> [The task]:
Only the text belongs in the copy. Transcribe the data exactly and drop any pictures.

> [Recorded information]:
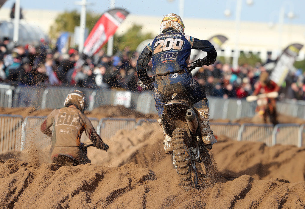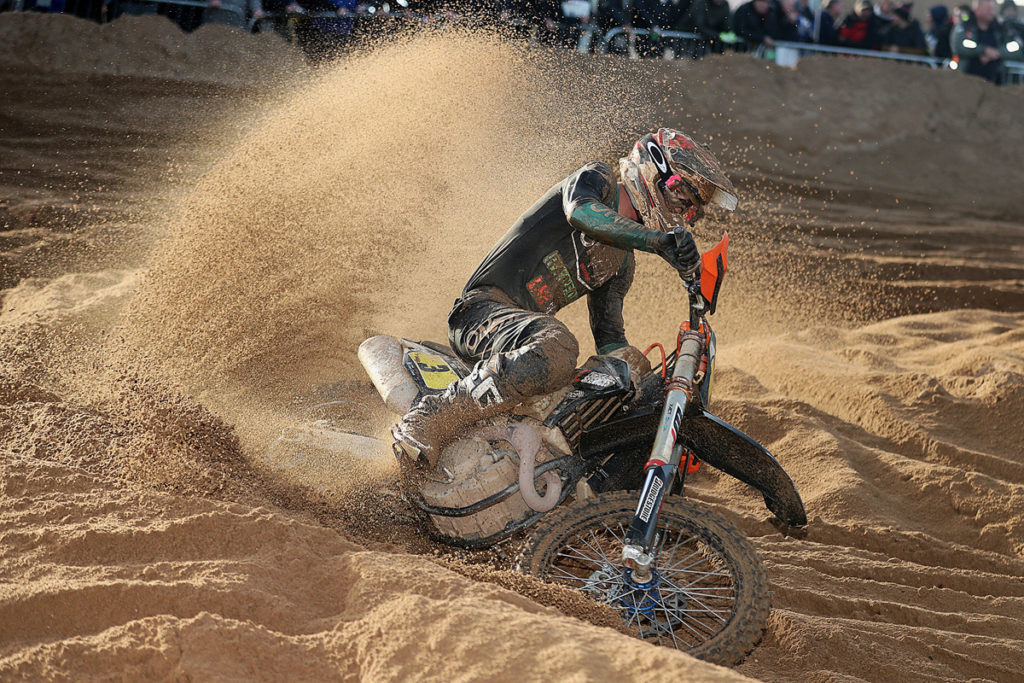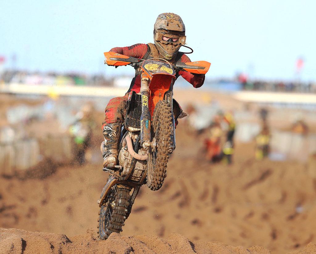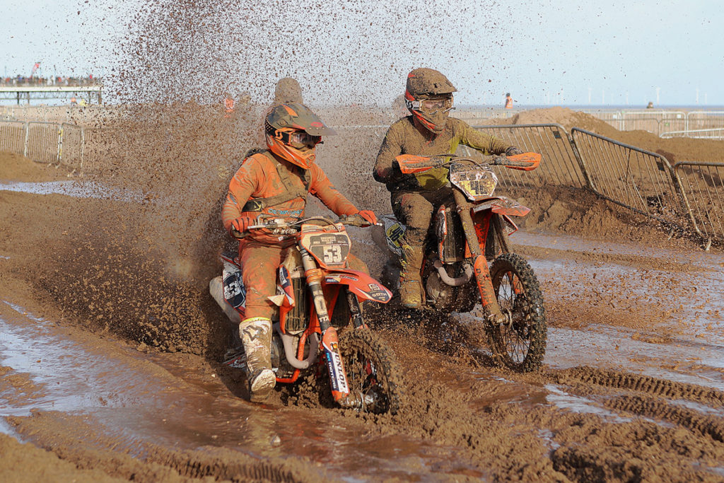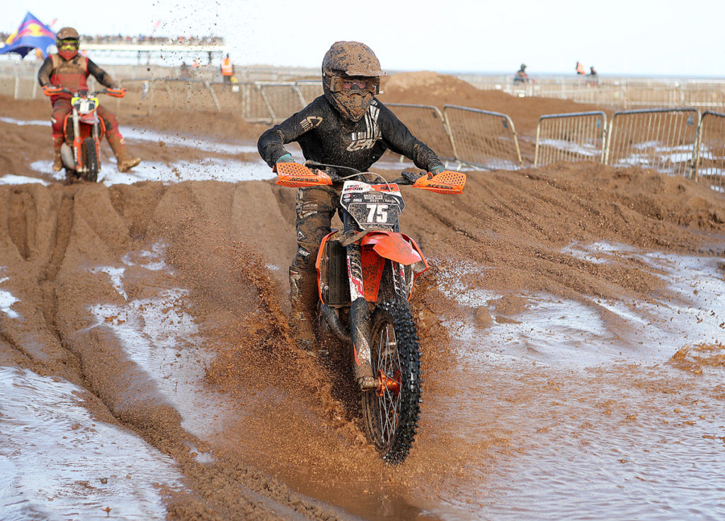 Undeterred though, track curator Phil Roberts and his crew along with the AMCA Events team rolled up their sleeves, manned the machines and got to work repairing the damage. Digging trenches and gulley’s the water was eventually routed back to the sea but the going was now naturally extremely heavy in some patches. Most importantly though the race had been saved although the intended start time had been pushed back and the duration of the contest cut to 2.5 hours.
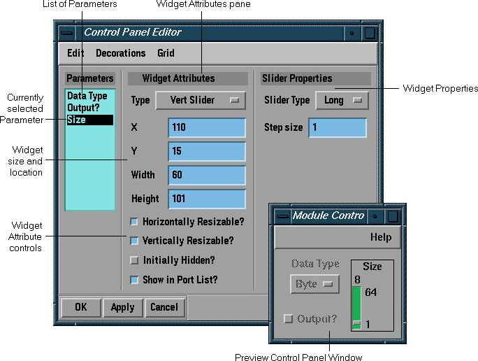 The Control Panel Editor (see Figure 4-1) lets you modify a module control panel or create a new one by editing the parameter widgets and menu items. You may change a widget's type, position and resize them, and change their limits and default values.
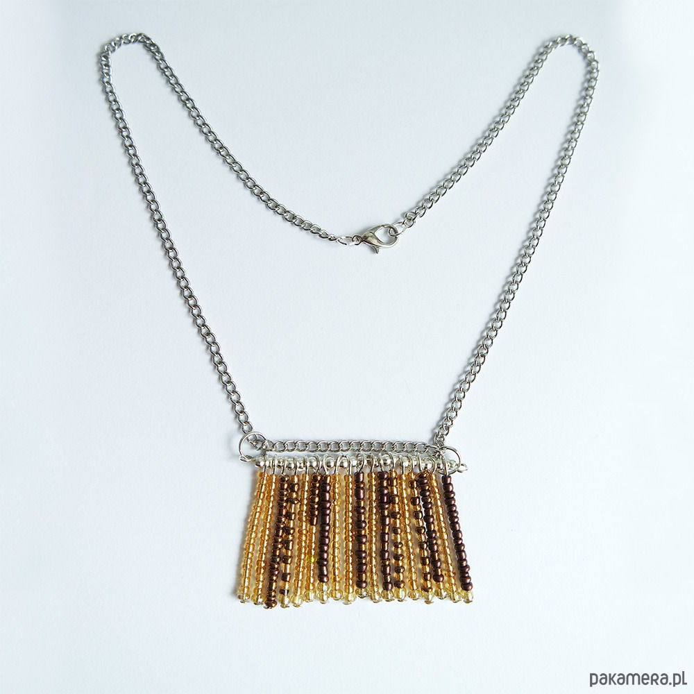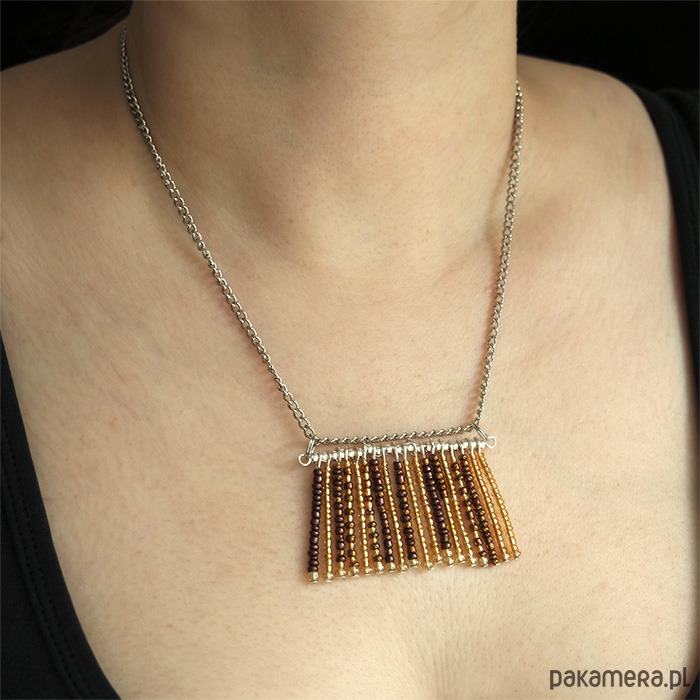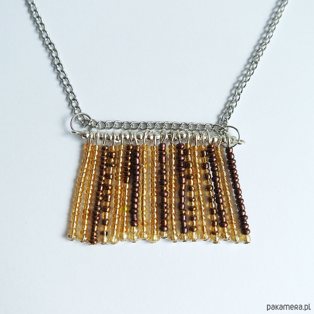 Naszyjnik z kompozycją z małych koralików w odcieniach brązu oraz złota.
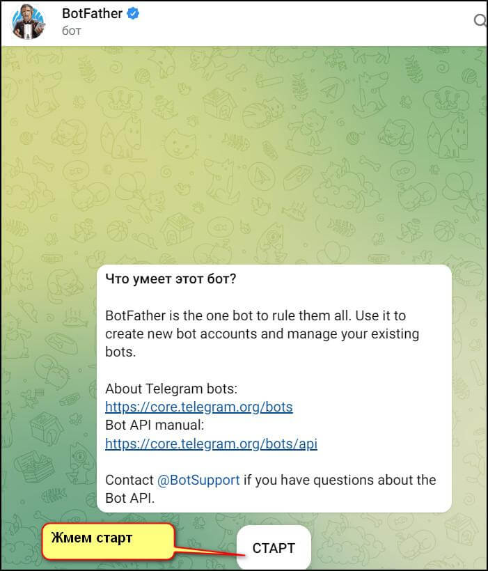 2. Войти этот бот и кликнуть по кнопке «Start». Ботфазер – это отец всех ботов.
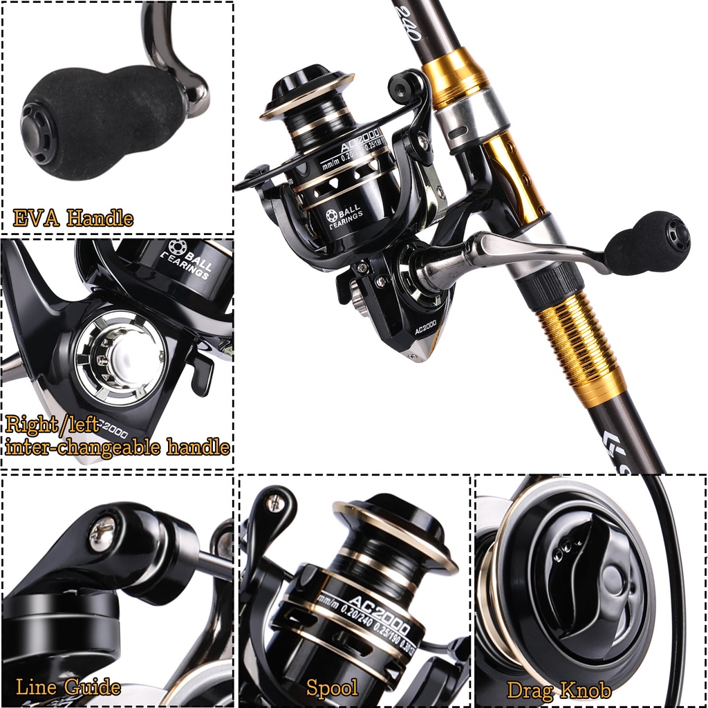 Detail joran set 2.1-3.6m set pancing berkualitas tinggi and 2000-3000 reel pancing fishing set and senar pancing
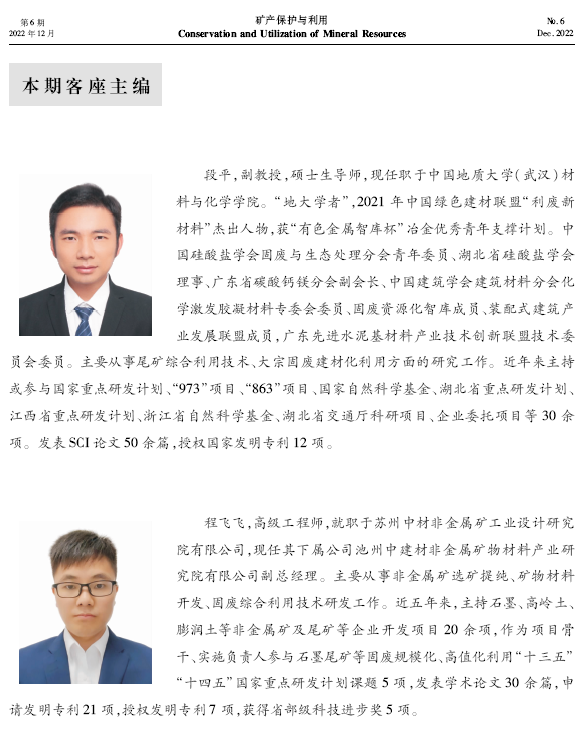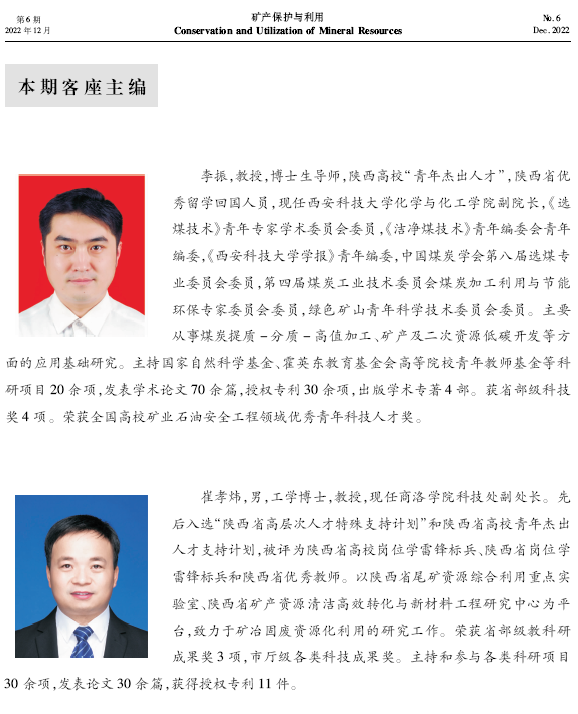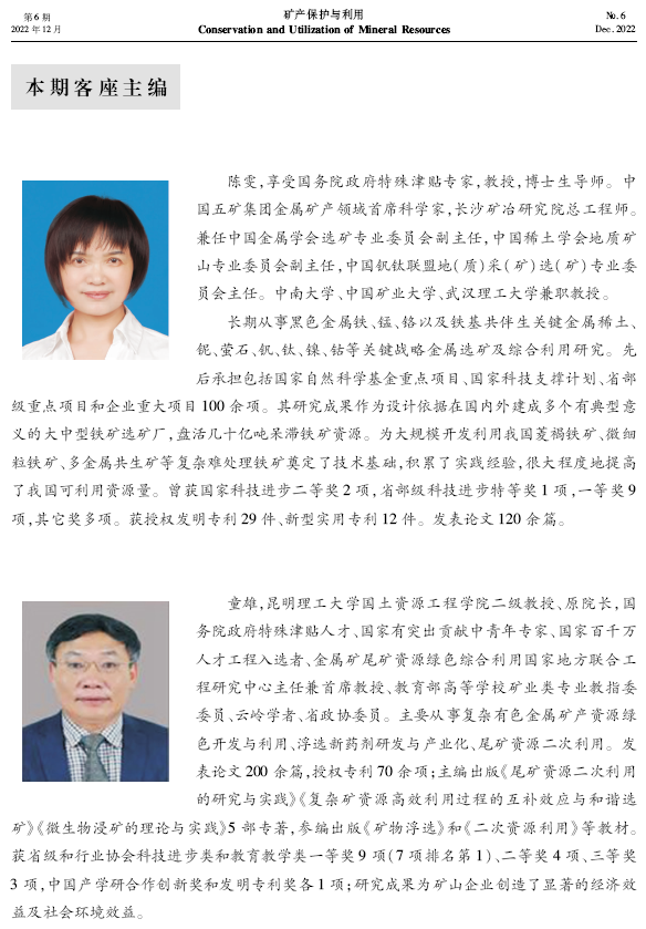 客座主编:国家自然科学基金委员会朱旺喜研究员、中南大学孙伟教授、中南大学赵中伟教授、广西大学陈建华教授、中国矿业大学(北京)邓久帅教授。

> [Completed exercise]:
 Undeterred though, track curator Phil Roberts and his crew along with the AMCA Events team rolled up their sleeves, manned the machines and got to work repairing the damage. Digging trenches and gulley’s the water was eventually routed back to the sea but the going was now naturally extremely heavy in some patches. Most importantly though the race had been saved although the intended start time had been pushed back and the duration of the contest cut to 2.5 hours.
 The Control Panel Editor (see Figure 4-1) lets you modify a module control panel or create a new one by editing the parameter widgets and menu items. You may change a widget's type, position and resize them, and change their limits and default values.
 Naszyjnik z kompozycją z małych koralików w odcieniach brązu oraz złota.
 2. Войти этот бот и кликнуть по кнопке «Start». Ботфазер – это отец всех ботов.
 Detail joran set 2.1-3.6m set pancing berkualitas tinggi and 2000-3000 reel pancing fishing set and senar pancing
 客座主编:国家自然科学基金委员会朱旺喜研究员、中南大学孙伟教授、中南大学赵中伟教授、广西大学陈建华教授、中国矿业大学(北京)邓久帅教授。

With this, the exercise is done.